Первыми шагами такого развития, выходящими за рамки биологической эволюции, то есть не требовавшими уже изменения анатомии и физиологии нового животного, стало возникновение «контрсуггестии» — инструмента сопротивления суггестии — и «контрконтрсуггестии» инструмента подавления, преодоления этого сопротивления. В свою очередь, возникновение пары «контрсуггестия контрконтрсуггестия», с одной стороны, выталкивало неоантропа в бесконечный процесс усовершенствования форм того и другого, а с другой, делало возможной и необходимой интериоризацию внешнего взаимодействия во внутренний диалог. Но это случилось уже много позже...
Сказанное — лишь самый беглый обзор исследований Поршнева физиологии высшей нервной деятельности. Многое, очень многое пришлось опустить, многое — предельно упростить. Но и этого обзора достаточно, чтобы показать, что сделанное Поршневым в этой науке отнюдь не ограничивается мелочами. Он посягнул на фундаментальные вещи.
Как же отреагировала профессиональная физиология?
Положение здесь, насколько мне известно, еще хуже, чем собственно в антропологии. Результаты исследований Поршнева в области физиологии даже и не пытались опровергать. Их просто игнорировали. Мне неизвестно ни одного отклика на поршневский анализ со стороны профессиональных физиологов. Это тоже форма описанной Поршневым «контрсуггестии», причем наиболее примитивная:
Пожалуй, самая первичная из них в восходящем ряду уклониться от слышания и видения того или тех, кто формирует суггестию в межиндивидуальном общении.
Лет десять назад один пожилой ленинградский физиолог в частной беседе объяснил сложившуюся ситуацию следующим образом: современными физиологами признается только то, что является результатом использования микроскопа, скальпеля, химического анализа и т.п. Все остальное — «философия».
Тем не менее, рискну высказать уверенность, что потребность физиологов в «философии» в духе Павлова, Ухтомского и Поршнева исчезла не навсегда. Она еще вернется.
[Опущены следующие главы, в которых, в основном, приводится изложение соответствующих тем из книги Поршнева «О начале человеческой истории»:
III. Зоология IV. Лингвистика V. Физиология высшей нервной деятельности VI. Психологические науки ]
Исследования Поршнева, затрагивающие культуру, касаются, главным образом, ее происхождения, нейрофизиологических, зоологических, а также социально-психологических предпосылок ее различных проявлений.
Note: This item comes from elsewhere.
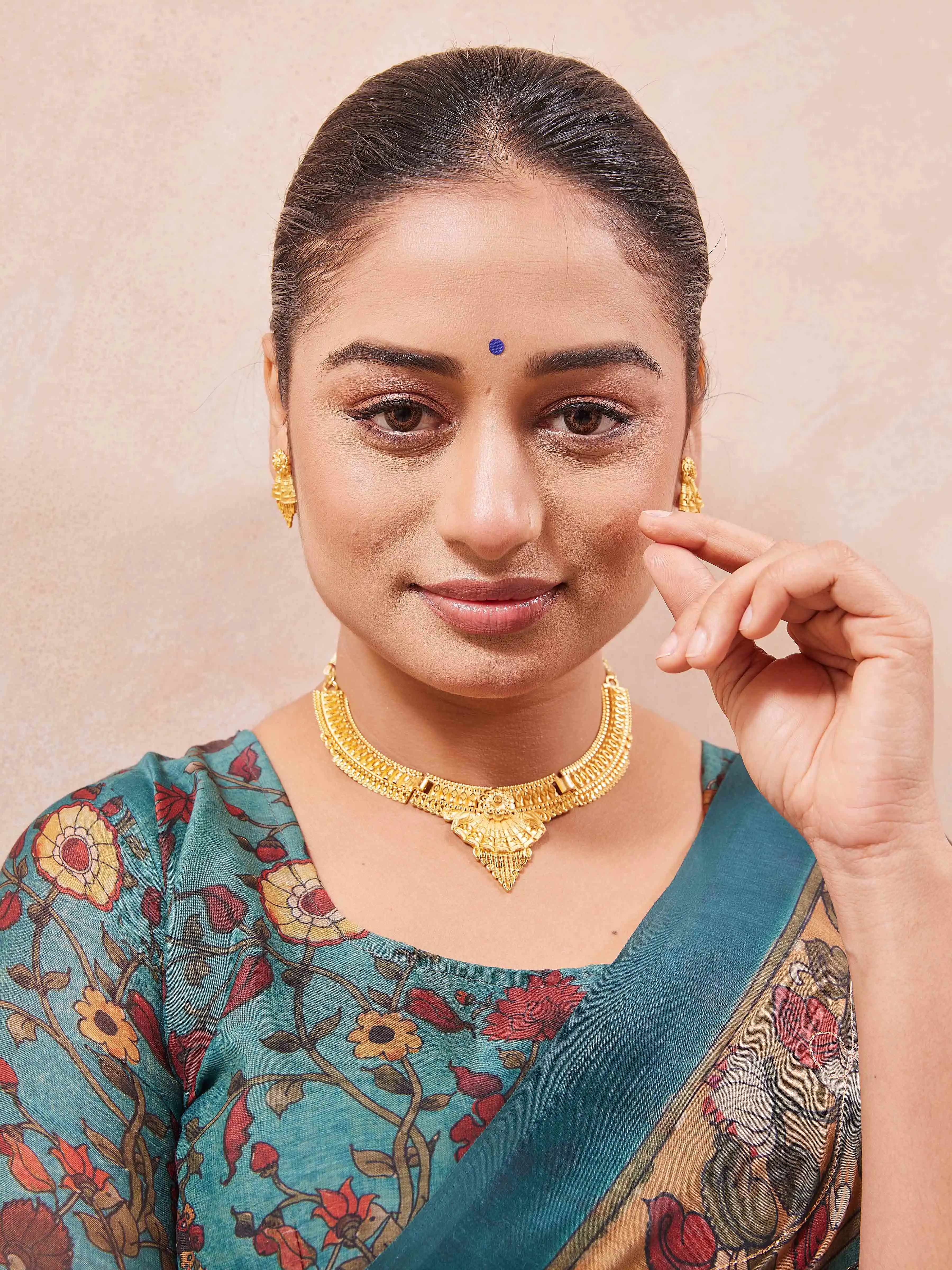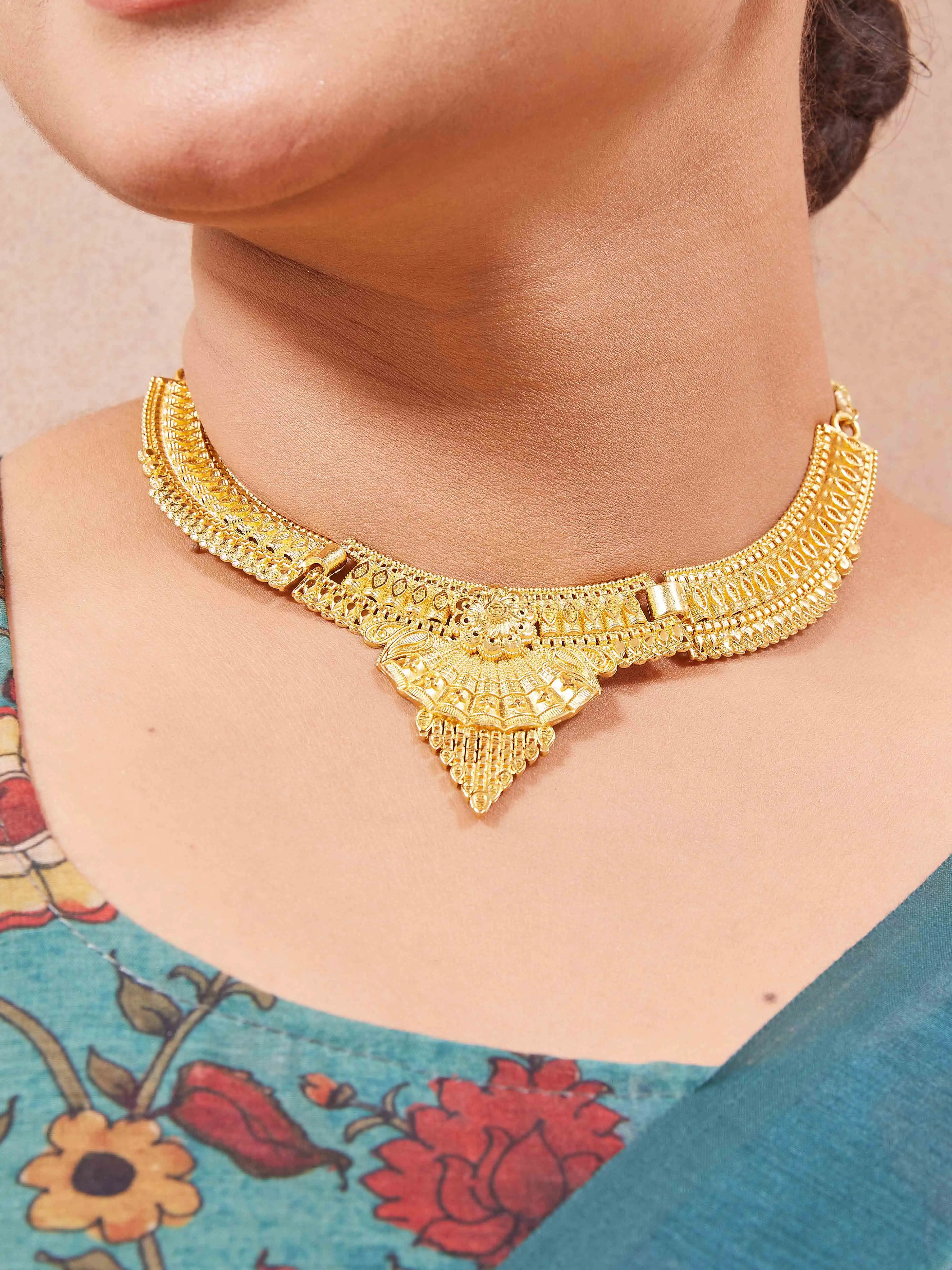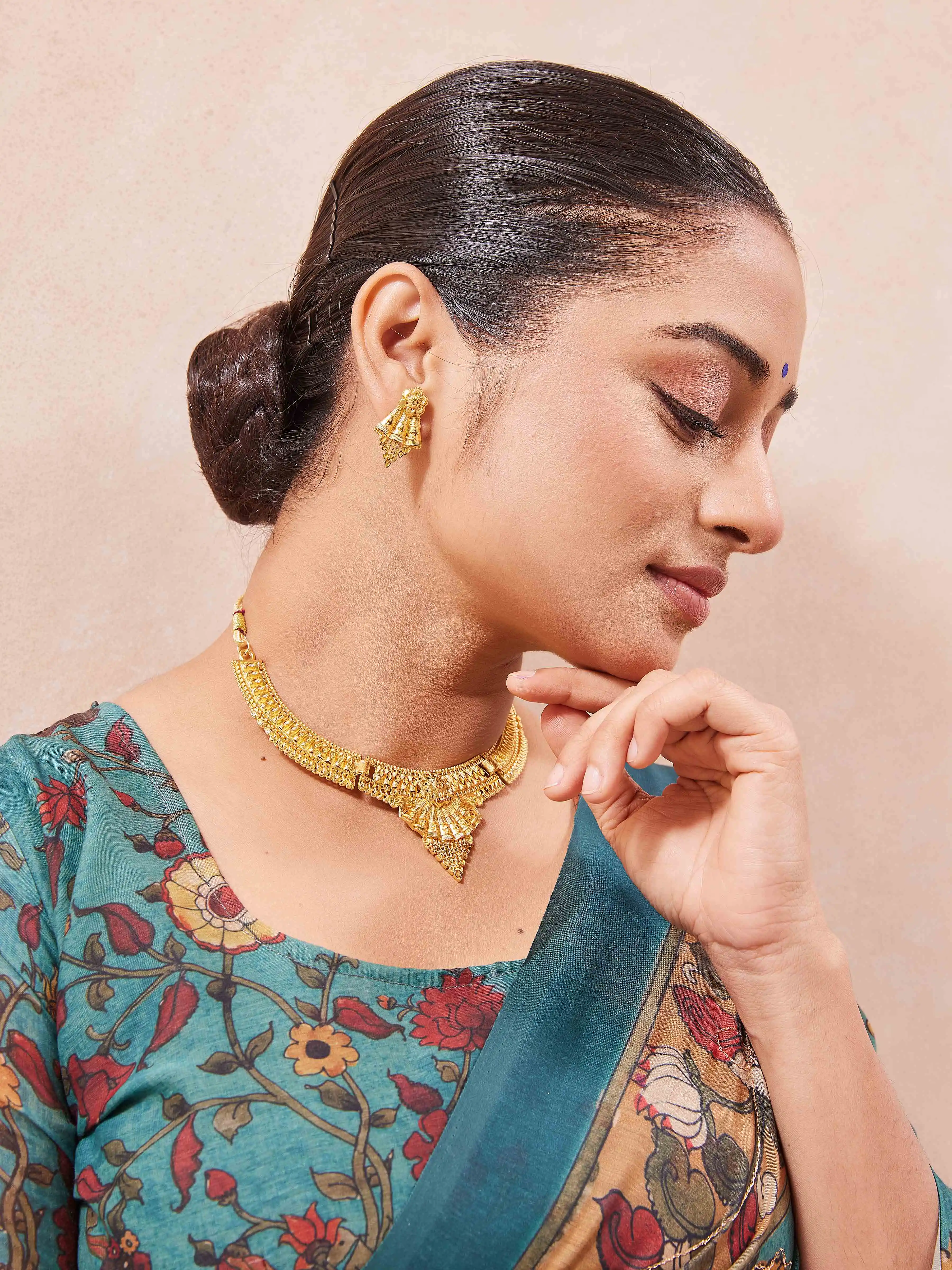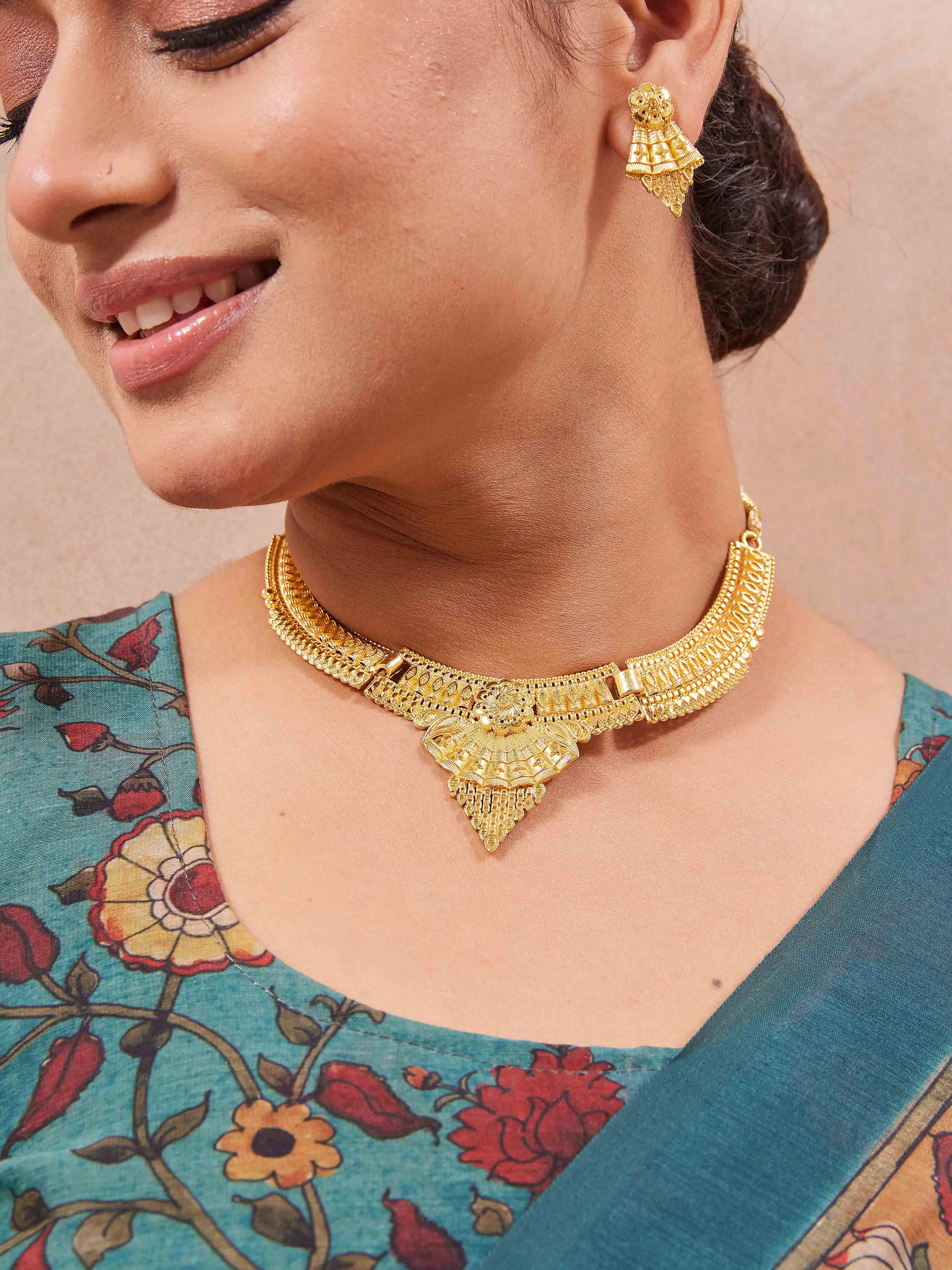 Traditional Gold-Plated Necklace Set with Earrings

Поэтому большая часть результатов исследований Поршнева, которые можно было бы провести по ведомству «культурология», фактически уже изложены выше, в предыдущих разделах настоящей статьи.
Здесь следует затронуть еще несколько важных тем, которые оставались до сих пор за рамками нашего изложения.
В поршневском анализе главного этического вопроса «что такое хорошо и что такое плохо?» отмечу три взаимосвязанных аспекта.
1. С одной стороны, это исследование происхождения самой оппозиции «плохого» и «хорошего».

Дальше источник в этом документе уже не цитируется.